梁瑄被他爹他娘關在外頭,嚎了半天也不見開門,不知出了什麽大事,便想去尋裴瞻,又想起他還交代自己盯著程持禮呢,便立刻著人去跟蹤。
倒是晚了一步,去的人說程持禮早就出門了。
但是裴瞻曾提醒過他,說程持禮會去尋傅真,於是便又讓人去傅家外頭盯著。
有了確切目標,這就容易多了。
很快程持禮快馬閃入寧家的消息就飛到了梁瑄手上。
當梁瑄剛把消息送去給裴瞻,暮色漸漸籠罩下來的正院裏,依舊緊閉著門的屋裏頭,梁郅終於被拷問完了。
“真相就是這麽個真相,過程就是這麽個過程,還有什麽想問的,放馬過來吧。

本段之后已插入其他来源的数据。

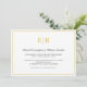 Invitación solo para recepción de boda elegante y formal con un diseño simple con el monograma de tus dos iniciales en dorado falso, dentro de un borde, sobre un fondo blanco. La parte trasera tiene tu foto favorita. Esta invitación clásica solo para recepción es perfecta para parejas que ya están casadas y quieren celebrar con amigos y familiares después de haberse escapado.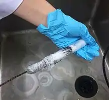 A test tube brush or spout brush is a brush used for cleaning test tubes and narrow mouth laboratory glassware,[1] such as graduated cylinders, burettes, and Erlenmeyer flasks. It is composed of nylon, synthetic, or animal fur bristles of various diameters lined against a rather sturdy wire handle with a looped end for hanging. The wire can be made from a wide range of metals, such as aluminium, bronze, beryllium, copper, and brass.[2] FDA grade brushes are designed to be resistant to acid and other corrosive chemicals, including aromatic and aliphatic hydrocarbons, ketones, ethyl acetate esters, and trichloroethylene.
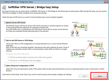 At the first time you connect to the VPN Server in Management Mode, the "Easy Setup" will appear. If you want to just only activate VPN Gate Service, click the "Close" button.
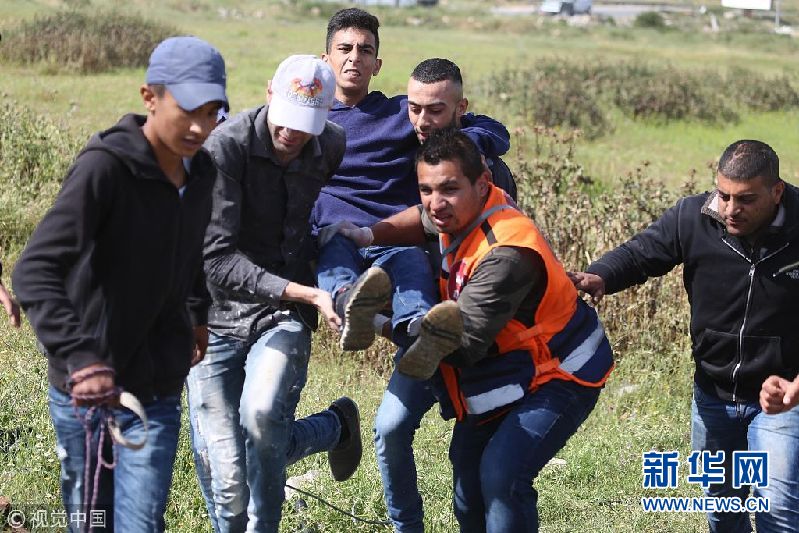 4月27日,约旦河西岸,巴勒斯坦人聚集边境地区举行新一轮抗议活动,与以色列士兵爆发冲突,现场硝烟四起。(图片来源:视觉中国)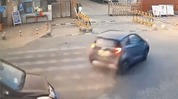 Sau pha va chạm, hai tài xế xuống xe nhìn nhau khó xử.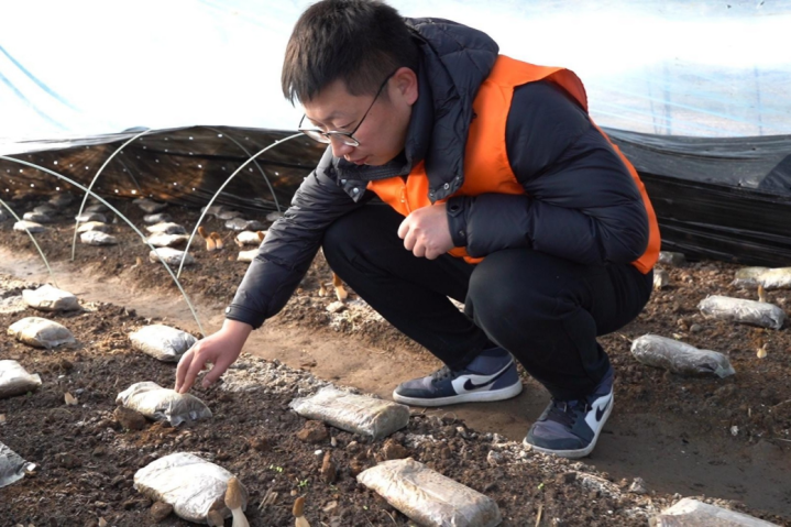 平安农险人员陈恒威查看羊肚菌营养包吸收情况蒋飞/摄影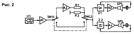 Лучше всего удовлетворяет указанным требованиям УМЗЧ, разработанный и построенный Линчем Маршалом [8]. Этот усилитель сравним с ламповыми усилителями. Соответствующие результаты отражены в таблице. При испытаниях усилители включались по схеме, приведенной на рис.1. Здесь U1 - студийный магнитофон. Z1 - многополосный эквалайзер. А1 и А2 - усилители, качество звучания которых сравнивается. Чтобы не нарушать чистоту эксперимента, в громкоговорителях отсутствовали частотные фильтры, вносящие фазовые искажения. Акустические системы (собственной конструкции) имели громкоговорители ф.Gudmans, характеризующиеся малыми нелинейными искажениями в диапазоне частот 0,03...16.5 кГц. В качестве источника сигнала использовалась программа, записанная на студийной аппаратуре на ленту А4615-6Р со скоростью 38,1 см/с с высококачественной граммофонной пластинки, воспроизводимой проигрывателем "Otophon", встроенным в граммофонное шасси "XL-1550" устройства "Pioneer". Во избежание перегрузки на входах усилителей задавались такие уровни сигналов, чтобы даже при пиковой выходной мощности она оставалась на 3 дБ ниже максимальной. При прослушивании ощущалось превосходство усилителя №1 над усилителями №2 и №3 в отношении "чистоты" и "прозрачности" звуковой картины при передаче высших составляющих звукового спектра. Кроме того, для получения примерно одинакового сбалансированного (по тембру) звучания, характеристика эквалайзера усилителя №1 была равномерна, тогда как при работе с усилителем №2 требовался подъем + 10 дБ в частотном интервале от 1 до 16 кГц. Усилитель №3 уступал по качеству звуковоспроизведения всем остальным. Для ламповых усилителей с №4 и №5 не выработалось единой точки зрения, однако было установлено, что они не имеют никаких преимуществ перед усилителем №1. В этой связи были проведены дополнительные испытания усилителя №1 при включении его в двухполосный ламповый звуковоспроизводящий комплекс с электромеханической обратной связью (ЭМОС) и с полосой пропускания (по звуковому давлению) 0,016...25 кГц. Блок-схема установки приведена на рис. 2. В качестве испытательной нагрузки усилителя №1 (А2 на рис.2) служил резисторный делитель R1-R2, подобранный так, чтобы получить коэффициент передачи, равный 1. Проверка показала, что включение усилителя №1 в аудиокомплекс не приводит к появлению никаких "транзисторных тонов" при воспроизведении разнообразных музыкальных программ. Было установлено, что характеристики УМЗЧ №1 почти совпадают с характеристиками УМЗЧ №2, но имеют существенно более низкий Кни- не превышающий 0.04% в полосе 0,02...20 кГц. Это значение Кни. очевидно, является искомой границей, при которой исчезает "транзисторное звучание*. Взяв за основу изложенные принципы конструирования высококачественной аппаратуры ЗЧ, а также относительно дешевую элементную базу, авторы разработали усилитель мощности, схема которого приведена на рис. 3. Предварительный усилитель состоит из эмиттерного повторителя на транзисторе VT1 и симметричного двухтактного каскада на VT2, VT3, охваченных местной ООС за счет эмиттерных резисторов R11 и R12 и общей ООС, заведенной с коллекторов VT2, VT3 через делитель R1-R2-RP3 на базу VT1. Сигнал ООС складывается там с входным сигналом. Резисторы R2 и RP3 одновременно служат делителем входного сигнала. Коэффициент усиления предварительного усилителя без ОО

”
梁郅說得口幹舌燥,抓起桌上的茶壺就往嘴裏灌。
梁郴站在簾櫳下,如同被雷劈過了一般,半天沒能挪窩。
他愣愣地望著前方,突然間,隻聽啪啪兩聲,他揚手扇了自己兩個巴掌!
同樣愣神中的蘇幸兒被他嚇了一跳!
下意識來捉他的手,卻聽他道:“我糊塗啊!早先在河邊看到那把匕首的時候,就該對‘傅小姐’的來曆多探究幾句的!
“我如何就那樣錯過了與小姑姑重逢的第一麵?偏我隻想著老五是兄弟不會騙我,而提防著她是對梁家有什麽目的!卻不想想我為何會對她感到親切?我的親姑姑她如何會害我?!
“我真該死!”
隨著這句話,他又扇了自己兩巴掌。
這下蘇幸兒倒是手都沒伸了。
自己耳朵根子軟,怪誰呢?
還魂這種事聽起來匪夷所思,可如果對象是自己的至親,那誰又不會情願它是真的?誰又不會寧可信其有!
“你說老五?”梁郅聽到這裏抬頭,“他到底給你說什麽了?小姑姑也說這家夥給你吹耳邊風來著!”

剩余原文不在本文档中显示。